The decision, written by Justice William J. Brennan Jr., said that only those employes who deal directly with labor-management issues can be excluded from protection under the nation's labor laws.

This "labor-nexus" test has been the policy of the National Labor Relations Board, but it was contested by two employers who said workers with access to confidential business information were excluded from protection under the National Labor Relations Act.

Justices Byron R. White, Thurgood Marshall, Harry A. Blackmun and John Paul Stevens joined in the decision. Chief Justice Warren E. Burger and justices Lewis F. Powell, William H. Rehnquist and Sandra D. O'Connor concurred in part and dissented in part.

The decision, which resolves a 40-year-old labor-management dispute, "is pretty important because if the Labor Board lost it, a lot of white collar employes and possibly some blue collar employes who had access to some confidential information might have lost protection under the National Labor Relations Act," an NLRB official said. At least "several hundreds of thousands of employes" are affected by the ruling, the official said.

District 9 to 5, a national campaign to organize office workers, yesterday hailed the justices' decision and said that, according to Labor Department figures, one million secretaries could have been excluded from labor union protections if the court had ruled in favor of the employers.

Powell said in his separate opinion that he agreed with the majority that persons privy to confidential business information are not excluded from protection by labor laws merely because they have that access.

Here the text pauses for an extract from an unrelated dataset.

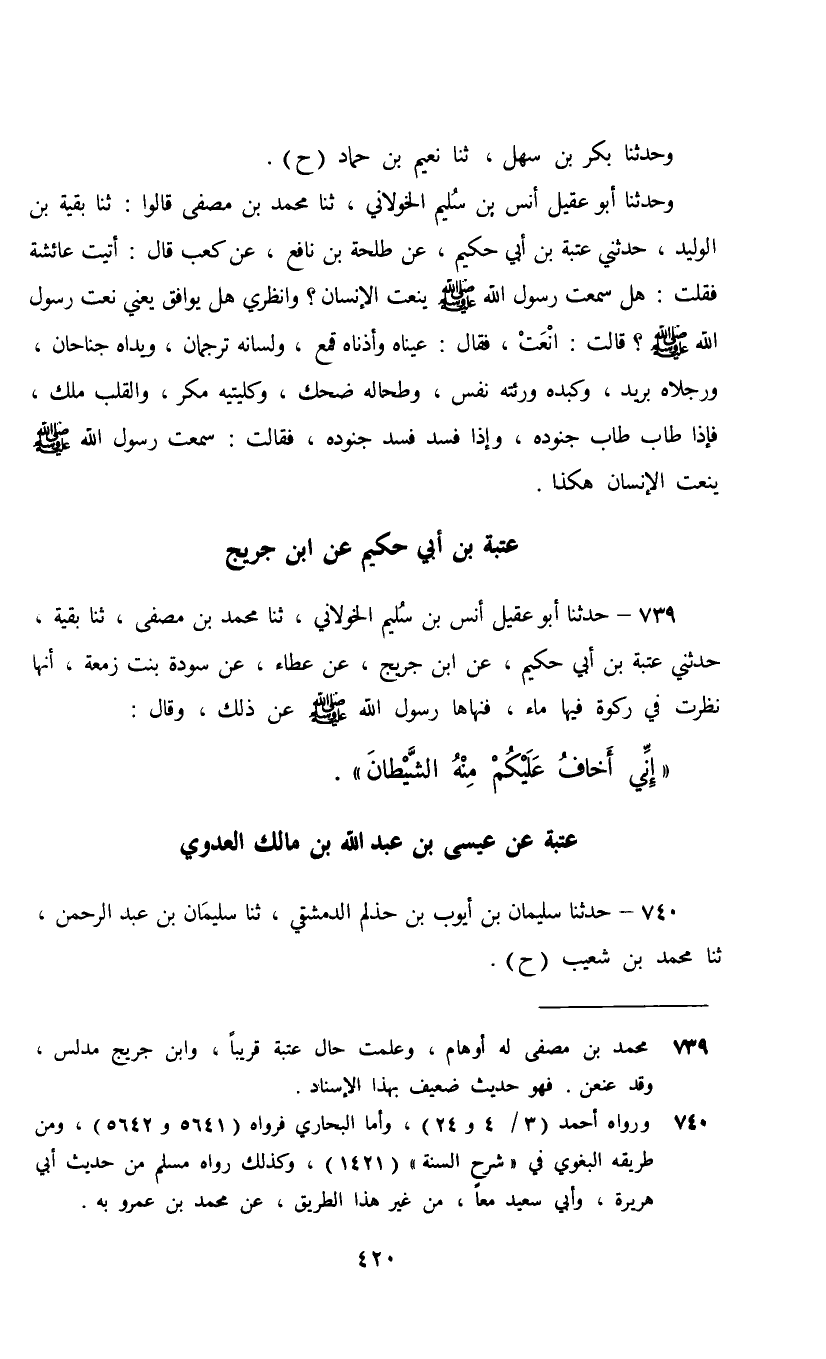 739 - حَدَّثَنَا أَبُو عَقِيلٍ أَنَسُ بْنُ سُلَيْمٍ الْخَوْلَانِيُّ , ثنا مُحَمَّدُ بْنُ مُصَفًّى، ثنا بَقِيَّةُ، حَدَّثَنِي عُتْبَةُ بْنُ أَبِي حَكِيمِ، عَنِ ابْنِ جُرَيْجٍ، عَنْ عَطَاءٍ، عَنْ سَوْدَةَ بِنْتِ زَمْعَةَ، أَنَّهَا نَظَرَتْ فِي رَكْوَةٍ فِيهَا مَاءٌ فَنَهَاهَا رَسُولُ اللَّهِ صَلَّى اللهُ عَلَيْهِ وَسَلَّمَ عَنْ ذَلِكَ , وَقَالَ: «إِنِّي §أَخَافُ عَلَيْكُمْ مِنْهُ الشَّيْطَانُ»

But he said, "By its rigid insistence on the labor nexus in the case of confidential secretaries, the National Labor Relations Board and now this court have lost sight of the basic purpose of the labor nexus test itself and of the fundamental theory of our labor laws.

"Thus, it makes little sense to exclude 'expediters,' 'assistant buyers' and 'employment interviewers' as managerial but include within the rank and file confidential secretaries who are privy to the most sensitive details of management decision-making, who work closely with managers on a personal and daily basis and who occupy a position of trust incompatible with labor-management strife," Powell said. "To include employes so clearly allied to management within the ranks of labor does a disservice to management and labor alike."

The high court's decision reversed an appeals court ruling in the case of Mary Weatherman, a nine-year employe of a rural electric membership cooperative who was fired after signing a petition to reinstate a close friend who had lost his arm while employed with the cooperative.

Weatherman filed an unfair labor practice charge with the NLRB, but her former employer claimed she was not protected by the National Labor Relations Act because she was a confidential secretary. The cooperative didn't dispute that Weatherman's duties were unrelated to labor policies.

However, the court added in a footnote, "We do not suggest that personal secretaries to the chief executive officers of corporations will ordinarily not constitute confidential employes." Weatherman was specifically restricted from handling labor decisions and "it is unlikely that Weatherman's position mirrored that of executive secretaries in general," the court said.